» **TASK ITEM**:
Your answer must be the exact lines below, starting with the line with "الحويلة خلال جولة أمس" and going on through the line with "Studios och management Radio Dersa", both included, with no pictures.

+++ EXERCISE INPUT +++

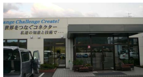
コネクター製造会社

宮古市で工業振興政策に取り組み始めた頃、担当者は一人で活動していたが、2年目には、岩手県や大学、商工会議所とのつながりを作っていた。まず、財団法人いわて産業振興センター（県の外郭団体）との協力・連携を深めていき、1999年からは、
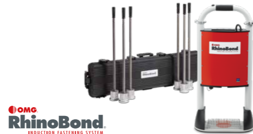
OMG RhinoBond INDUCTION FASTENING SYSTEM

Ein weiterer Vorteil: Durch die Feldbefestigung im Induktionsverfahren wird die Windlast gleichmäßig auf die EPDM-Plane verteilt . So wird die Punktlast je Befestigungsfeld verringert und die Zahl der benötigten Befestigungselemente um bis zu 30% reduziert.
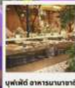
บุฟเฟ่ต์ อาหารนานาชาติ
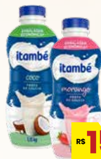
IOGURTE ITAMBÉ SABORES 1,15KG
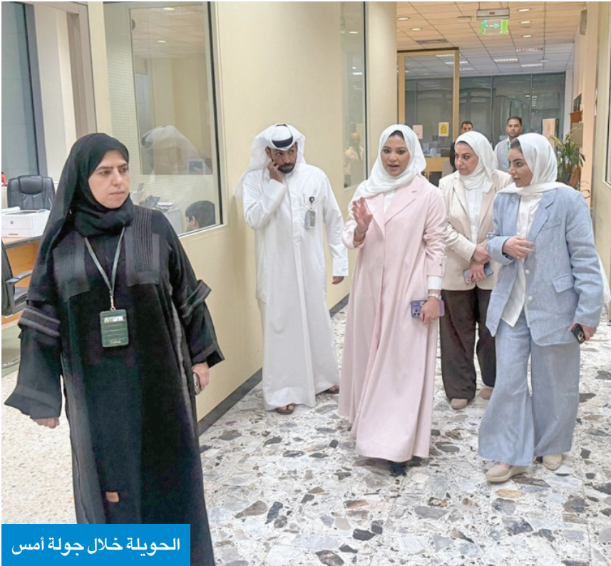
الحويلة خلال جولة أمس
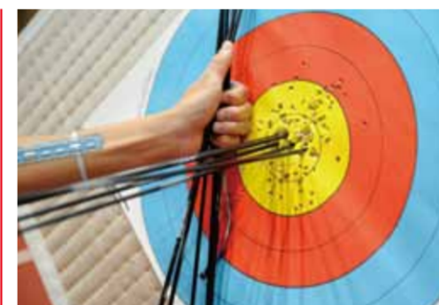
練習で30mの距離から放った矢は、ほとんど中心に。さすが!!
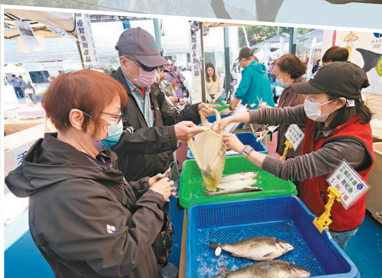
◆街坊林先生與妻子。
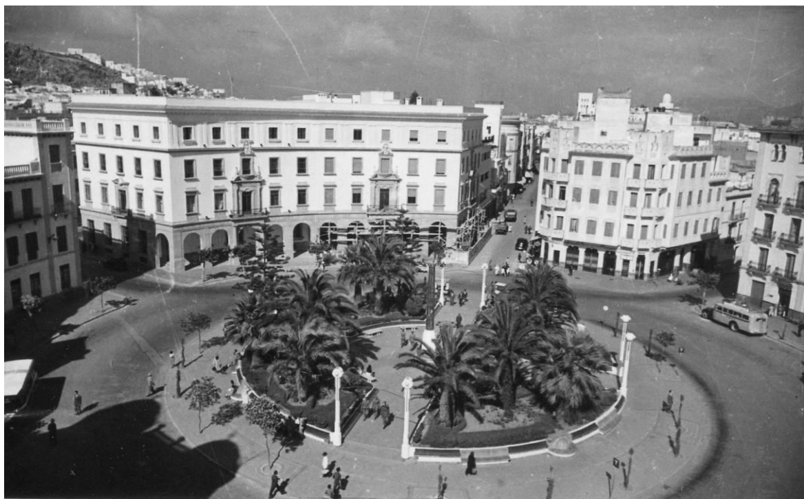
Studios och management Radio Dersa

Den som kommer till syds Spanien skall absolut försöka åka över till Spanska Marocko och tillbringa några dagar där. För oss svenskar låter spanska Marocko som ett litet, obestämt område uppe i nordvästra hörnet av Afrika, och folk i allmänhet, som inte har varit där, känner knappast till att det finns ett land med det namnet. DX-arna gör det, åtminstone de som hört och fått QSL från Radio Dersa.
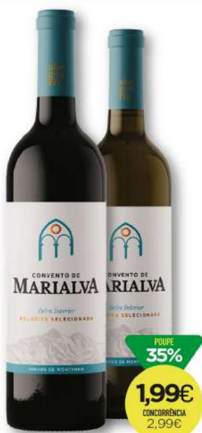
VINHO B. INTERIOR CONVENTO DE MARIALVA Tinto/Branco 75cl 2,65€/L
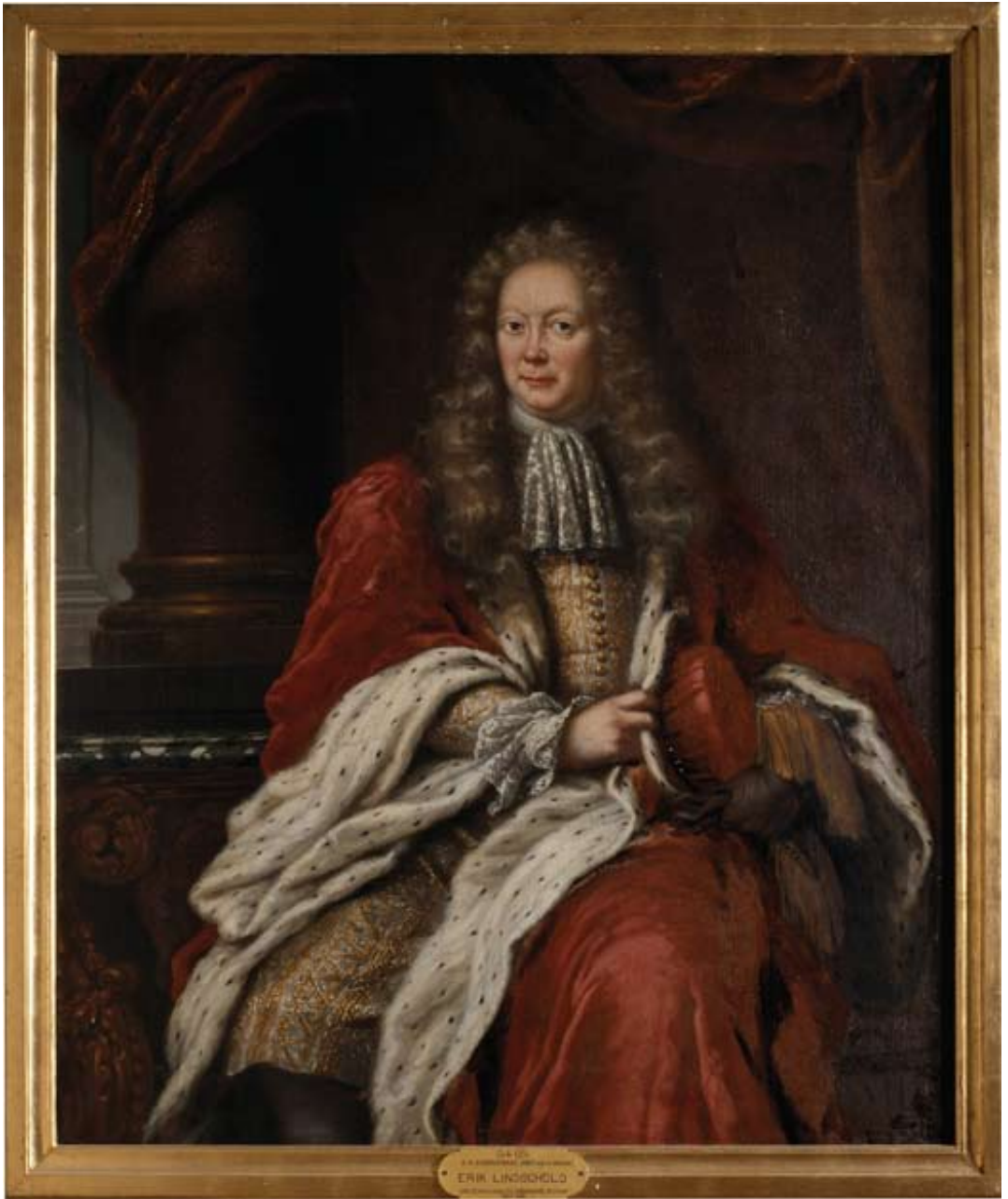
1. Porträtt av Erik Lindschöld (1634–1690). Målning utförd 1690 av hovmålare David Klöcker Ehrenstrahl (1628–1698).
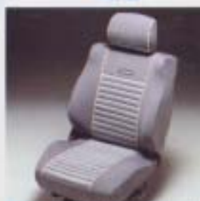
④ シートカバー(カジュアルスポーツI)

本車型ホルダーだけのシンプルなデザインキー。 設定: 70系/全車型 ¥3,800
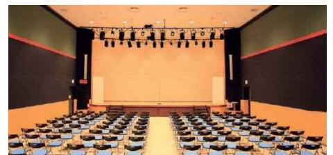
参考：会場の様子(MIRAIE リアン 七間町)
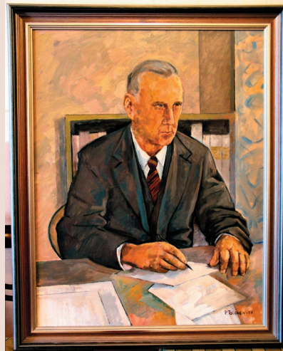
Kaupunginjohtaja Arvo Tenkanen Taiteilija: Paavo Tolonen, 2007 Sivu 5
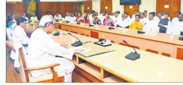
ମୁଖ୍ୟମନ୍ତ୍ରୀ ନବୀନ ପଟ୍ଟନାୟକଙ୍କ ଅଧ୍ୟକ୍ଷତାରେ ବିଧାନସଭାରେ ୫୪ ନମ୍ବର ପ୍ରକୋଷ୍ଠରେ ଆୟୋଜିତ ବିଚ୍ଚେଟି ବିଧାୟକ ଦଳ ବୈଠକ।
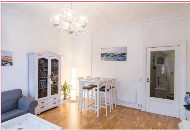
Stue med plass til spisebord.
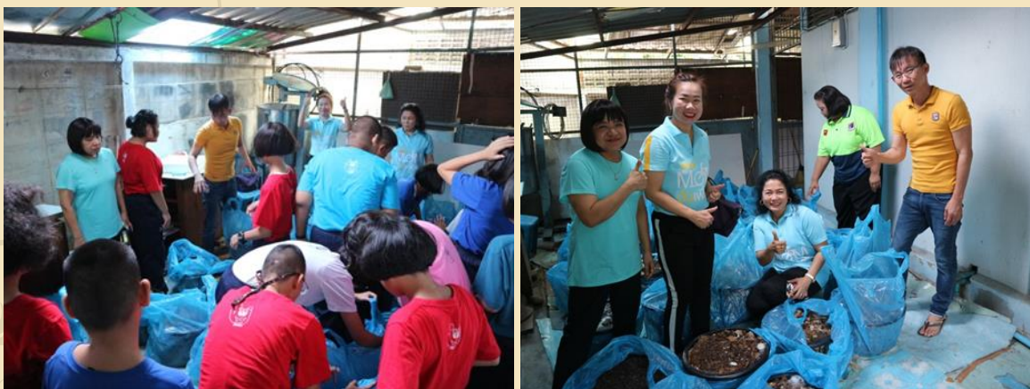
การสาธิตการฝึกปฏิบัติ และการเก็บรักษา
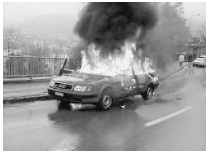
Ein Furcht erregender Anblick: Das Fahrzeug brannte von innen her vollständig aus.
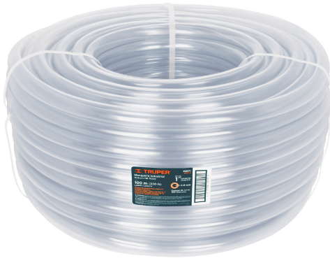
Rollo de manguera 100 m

+++

» **ANSWER SECTION**:
الحويلة خلال جولة أمس
練習で30mの距離から放った矢は、ほとんど中心に。さすが!!
◆街坊林先生與妻子。
Studios och management Radio Dersa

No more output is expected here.